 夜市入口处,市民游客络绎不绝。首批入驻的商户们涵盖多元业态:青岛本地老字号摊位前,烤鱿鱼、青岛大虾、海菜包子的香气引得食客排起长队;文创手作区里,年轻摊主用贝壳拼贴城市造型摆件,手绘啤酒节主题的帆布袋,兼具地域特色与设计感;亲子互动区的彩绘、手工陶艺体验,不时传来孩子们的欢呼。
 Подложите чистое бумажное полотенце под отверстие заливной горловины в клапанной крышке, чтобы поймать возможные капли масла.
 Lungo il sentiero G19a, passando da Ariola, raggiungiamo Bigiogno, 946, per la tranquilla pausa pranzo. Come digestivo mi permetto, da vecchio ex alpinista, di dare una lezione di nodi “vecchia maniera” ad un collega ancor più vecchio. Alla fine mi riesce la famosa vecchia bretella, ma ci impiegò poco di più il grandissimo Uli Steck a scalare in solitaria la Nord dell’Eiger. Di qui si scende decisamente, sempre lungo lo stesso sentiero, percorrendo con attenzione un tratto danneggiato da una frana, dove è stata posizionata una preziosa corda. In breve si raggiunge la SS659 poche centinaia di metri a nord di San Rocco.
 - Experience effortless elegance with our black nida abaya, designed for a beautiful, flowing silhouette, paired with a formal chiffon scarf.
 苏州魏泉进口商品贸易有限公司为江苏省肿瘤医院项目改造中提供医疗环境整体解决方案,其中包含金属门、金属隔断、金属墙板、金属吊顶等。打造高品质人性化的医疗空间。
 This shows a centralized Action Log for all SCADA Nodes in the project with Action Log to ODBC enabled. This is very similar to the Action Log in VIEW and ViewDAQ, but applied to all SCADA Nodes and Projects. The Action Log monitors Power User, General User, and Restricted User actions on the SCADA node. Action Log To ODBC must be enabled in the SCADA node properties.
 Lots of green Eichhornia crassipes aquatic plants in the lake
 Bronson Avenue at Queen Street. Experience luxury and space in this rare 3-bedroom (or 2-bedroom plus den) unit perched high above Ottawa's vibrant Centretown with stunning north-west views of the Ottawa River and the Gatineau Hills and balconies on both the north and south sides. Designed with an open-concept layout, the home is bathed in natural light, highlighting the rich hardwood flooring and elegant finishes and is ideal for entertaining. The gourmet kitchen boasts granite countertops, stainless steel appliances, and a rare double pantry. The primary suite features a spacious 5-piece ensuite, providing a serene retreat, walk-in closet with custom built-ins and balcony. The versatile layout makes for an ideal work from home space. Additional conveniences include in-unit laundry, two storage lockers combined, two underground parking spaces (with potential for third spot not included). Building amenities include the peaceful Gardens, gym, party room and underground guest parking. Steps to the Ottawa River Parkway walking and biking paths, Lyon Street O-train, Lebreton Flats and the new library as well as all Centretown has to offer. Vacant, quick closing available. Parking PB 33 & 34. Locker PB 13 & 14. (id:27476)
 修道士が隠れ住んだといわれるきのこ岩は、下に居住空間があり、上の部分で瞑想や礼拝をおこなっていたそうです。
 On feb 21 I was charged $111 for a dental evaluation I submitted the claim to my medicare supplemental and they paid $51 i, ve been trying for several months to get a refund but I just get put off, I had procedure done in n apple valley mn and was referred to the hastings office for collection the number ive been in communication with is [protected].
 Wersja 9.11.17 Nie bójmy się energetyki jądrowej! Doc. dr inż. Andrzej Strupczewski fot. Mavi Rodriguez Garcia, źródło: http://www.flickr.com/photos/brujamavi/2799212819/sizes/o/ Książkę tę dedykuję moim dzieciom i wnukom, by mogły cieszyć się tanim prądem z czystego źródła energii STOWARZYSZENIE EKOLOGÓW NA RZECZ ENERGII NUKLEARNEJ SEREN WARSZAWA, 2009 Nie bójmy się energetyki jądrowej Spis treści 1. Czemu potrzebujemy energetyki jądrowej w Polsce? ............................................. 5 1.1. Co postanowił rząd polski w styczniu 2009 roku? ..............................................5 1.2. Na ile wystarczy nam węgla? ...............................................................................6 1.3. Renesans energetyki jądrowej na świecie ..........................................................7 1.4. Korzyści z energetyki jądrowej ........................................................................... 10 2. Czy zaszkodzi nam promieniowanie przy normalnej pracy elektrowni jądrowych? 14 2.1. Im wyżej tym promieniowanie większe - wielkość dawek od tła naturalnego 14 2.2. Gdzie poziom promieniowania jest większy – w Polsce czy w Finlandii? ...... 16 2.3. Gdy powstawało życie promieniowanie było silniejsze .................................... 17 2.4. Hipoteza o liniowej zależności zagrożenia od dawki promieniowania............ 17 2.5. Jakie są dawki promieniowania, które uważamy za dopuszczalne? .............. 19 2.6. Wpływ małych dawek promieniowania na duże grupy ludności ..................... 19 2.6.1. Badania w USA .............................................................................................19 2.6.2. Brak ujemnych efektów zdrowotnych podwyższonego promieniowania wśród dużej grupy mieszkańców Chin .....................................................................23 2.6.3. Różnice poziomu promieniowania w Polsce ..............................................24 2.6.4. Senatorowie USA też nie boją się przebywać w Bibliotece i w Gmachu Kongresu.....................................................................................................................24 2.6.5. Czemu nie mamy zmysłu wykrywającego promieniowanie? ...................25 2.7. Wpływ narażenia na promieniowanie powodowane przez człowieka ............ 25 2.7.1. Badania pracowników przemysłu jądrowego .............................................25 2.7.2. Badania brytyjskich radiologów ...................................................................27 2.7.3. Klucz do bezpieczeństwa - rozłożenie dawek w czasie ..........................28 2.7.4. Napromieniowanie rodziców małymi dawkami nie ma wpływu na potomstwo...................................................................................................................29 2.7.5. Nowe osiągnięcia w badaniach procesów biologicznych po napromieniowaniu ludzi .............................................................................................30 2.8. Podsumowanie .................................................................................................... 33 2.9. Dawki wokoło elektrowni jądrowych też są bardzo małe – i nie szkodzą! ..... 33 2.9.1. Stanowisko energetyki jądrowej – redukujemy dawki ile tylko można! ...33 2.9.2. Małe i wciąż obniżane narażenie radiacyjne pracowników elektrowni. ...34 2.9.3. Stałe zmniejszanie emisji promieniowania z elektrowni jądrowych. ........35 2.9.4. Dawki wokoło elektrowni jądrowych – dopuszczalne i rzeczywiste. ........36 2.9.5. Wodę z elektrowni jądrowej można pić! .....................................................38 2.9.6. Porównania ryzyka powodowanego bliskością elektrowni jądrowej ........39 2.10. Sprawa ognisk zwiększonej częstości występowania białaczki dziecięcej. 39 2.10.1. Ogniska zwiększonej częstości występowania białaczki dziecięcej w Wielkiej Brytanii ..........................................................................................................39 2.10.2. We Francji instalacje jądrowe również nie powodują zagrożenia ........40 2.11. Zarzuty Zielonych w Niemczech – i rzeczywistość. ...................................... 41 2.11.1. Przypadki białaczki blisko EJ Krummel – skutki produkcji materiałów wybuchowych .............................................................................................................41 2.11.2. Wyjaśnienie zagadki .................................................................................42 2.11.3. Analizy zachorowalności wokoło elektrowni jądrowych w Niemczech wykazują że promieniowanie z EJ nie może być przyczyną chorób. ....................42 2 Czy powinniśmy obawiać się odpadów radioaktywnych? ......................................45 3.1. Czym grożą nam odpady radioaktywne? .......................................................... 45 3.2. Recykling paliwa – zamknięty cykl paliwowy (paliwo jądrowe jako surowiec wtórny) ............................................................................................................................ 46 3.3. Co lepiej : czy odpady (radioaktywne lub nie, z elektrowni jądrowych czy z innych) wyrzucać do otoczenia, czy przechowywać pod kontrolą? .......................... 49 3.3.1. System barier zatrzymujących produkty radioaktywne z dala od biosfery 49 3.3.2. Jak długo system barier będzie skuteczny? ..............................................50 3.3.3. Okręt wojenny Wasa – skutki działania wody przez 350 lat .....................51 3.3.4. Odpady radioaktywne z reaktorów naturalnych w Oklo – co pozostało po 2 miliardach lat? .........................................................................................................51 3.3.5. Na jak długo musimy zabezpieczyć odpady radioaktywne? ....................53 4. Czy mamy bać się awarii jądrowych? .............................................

*-*-*

**What is required**: Return, exactly as they stand, the lines from the start of the records above through the line with "Lungo il sentiero", both ends included, and no other lines.

**Reply**:
 夜市入口处,市民游客络绎不绝。首批入驻的商户们涵盖多元业态:青岛本地老字号摊位前,烤鱿鱼、青岛大虾、海菜包子的香气引得食客排起长队;文创手作区里,年轻摊主用贝壳拼贴城市造型摆件,手绘啤酒节主题的帆布袋,兼具地域特色与设计感;亲子互动区的彩绘、手工陶艺体验,不时传来孩子们的欢呼。
 Подложите чистое бумажное полотенце под отверстие заливной горловины в клапанной крышке, чтобы поймать возможные капли масла.
 Lungo il sentiero G19a, passando da Ariola, raggiungiamo Bigiogno, 946, per la tranquilla pausa pranzo. Come digestivo mi permetto, da vecchio ex alpinista, di dare una lezione di nodi “vecchia maniera” ad un collega ancor più vecchio. Alla fine mi riesce la famosa vecchia bretella, ma ci impiegò poco di più il grandissimo Uli Steck a scalare in solitaria la Nord dell’Eiger. Di qui si scende decisamente, sempre lungo lo stesso sentiero, percorrendo con attenzione un tratto danneggiato da una frana, dove è stata posizionata una preziosa corda. In breve si raggiunge la SS659 poche centinaia di metri a nord di San Rocco.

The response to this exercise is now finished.